*Exercise objective*:
In the entries below, find the line with "La tige est" and the line with "Różowa roleta z zachwycającym jednorożcem". Reproduce those two lines and every line between them exactly, and nothing more.

*Dataset entries*:
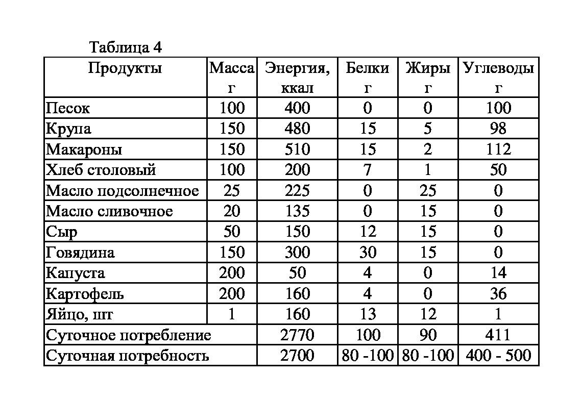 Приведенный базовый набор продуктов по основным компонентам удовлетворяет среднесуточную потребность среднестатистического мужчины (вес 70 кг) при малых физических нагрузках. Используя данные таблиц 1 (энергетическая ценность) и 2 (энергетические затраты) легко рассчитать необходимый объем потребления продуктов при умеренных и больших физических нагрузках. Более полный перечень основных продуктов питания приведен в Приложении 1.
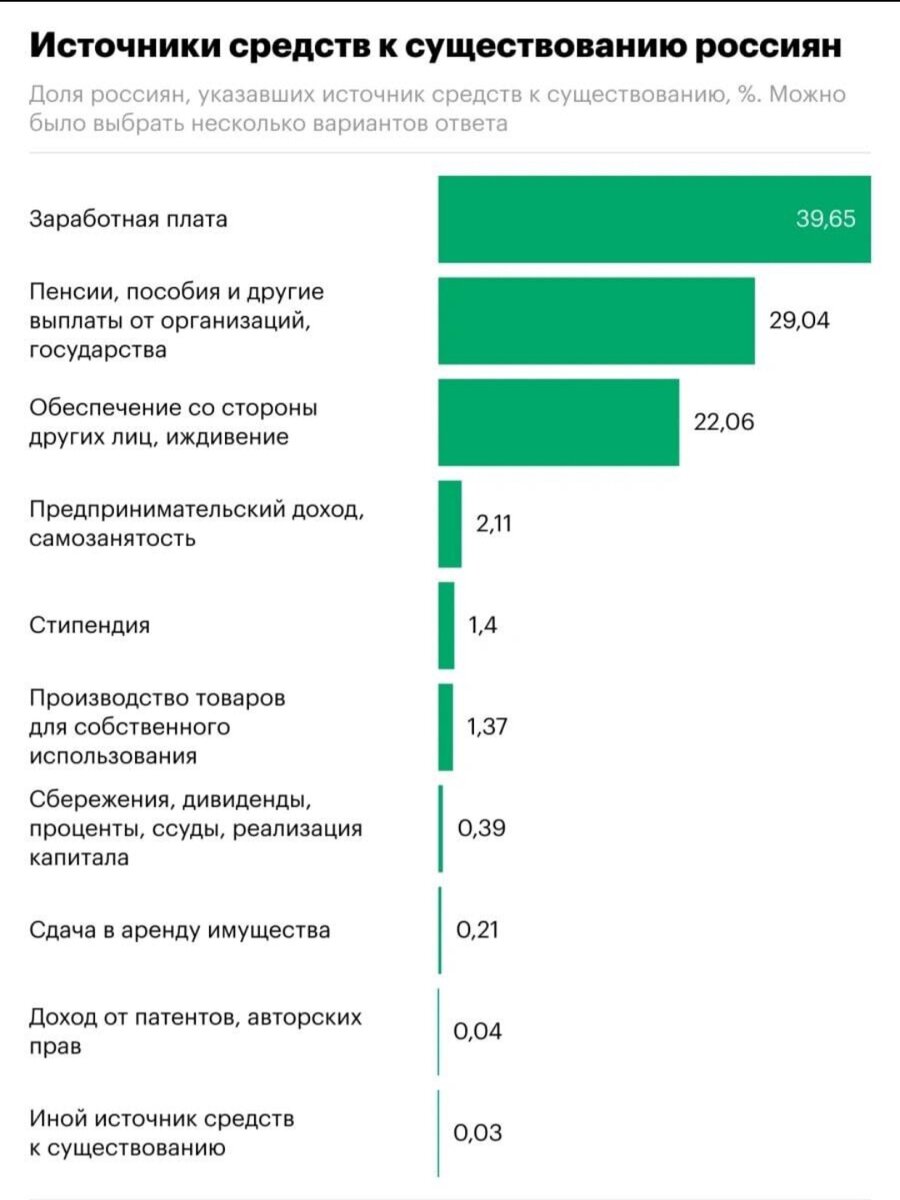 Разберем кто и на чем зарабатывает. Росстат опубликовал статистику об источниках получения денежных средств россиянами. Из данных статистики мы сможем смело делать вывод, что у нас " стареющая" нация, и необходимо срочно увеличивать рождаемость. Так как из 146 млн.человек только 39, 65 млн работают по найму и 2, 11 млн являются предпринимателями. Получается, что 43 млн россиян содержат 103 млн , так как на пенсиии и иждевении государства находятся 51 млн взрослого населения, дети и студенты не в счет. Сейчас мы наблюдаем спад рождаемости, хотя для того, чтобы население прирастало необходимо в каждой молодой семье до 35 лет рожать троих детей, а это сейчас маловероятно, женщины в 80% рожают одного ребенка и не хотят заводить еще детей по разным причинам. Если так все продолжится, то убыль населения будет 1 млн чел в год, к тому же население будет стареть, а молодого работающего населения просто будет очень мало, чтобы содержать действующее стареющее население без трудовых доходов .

* * *

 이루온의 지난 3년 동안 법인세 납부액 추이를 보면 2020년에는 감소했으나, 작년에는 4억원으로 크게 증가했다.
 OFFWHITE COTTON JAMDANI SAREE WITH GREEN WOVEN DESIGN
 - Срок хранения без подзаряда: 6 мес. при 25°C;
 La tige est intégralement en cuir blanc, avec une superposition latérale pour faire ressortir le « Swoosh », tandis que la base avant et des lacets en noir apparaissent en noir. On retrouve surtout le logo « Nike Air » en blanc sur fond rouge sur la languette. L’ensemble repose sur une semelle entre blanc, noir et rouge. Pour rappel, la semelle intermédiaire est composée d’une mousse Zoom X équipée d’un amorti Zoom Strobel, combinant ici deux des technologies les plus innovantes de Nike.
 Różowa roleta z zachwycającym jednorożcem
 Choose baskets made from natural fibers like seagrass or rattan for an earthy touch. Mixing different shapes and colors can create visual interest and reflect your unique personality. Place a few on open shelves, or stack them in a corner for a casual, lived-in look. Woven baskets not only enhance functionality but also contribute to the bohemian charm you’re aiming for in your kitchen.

*Response area*:
 La tige est intégralement en cuir blanc, avec une superposition latérale pour faire ressortir le « Swoosh », tandis que la base avant et des lacets en noir apparaissent en noir. On retrouve surtout le logo « Nike Air » en blanc sur fond rouge sur la languette. L’ensemble repose sur une semelle entre blanc, noir et rouge. Pour rappel, la semelle intermédiaire est composée d’une mousse Zoom X équipée d’un amorti Zoom Strobel, combinant ici deux des technologies les plus innovantes de Nike.
 Różowa roleta z zachwycającym jednorożcem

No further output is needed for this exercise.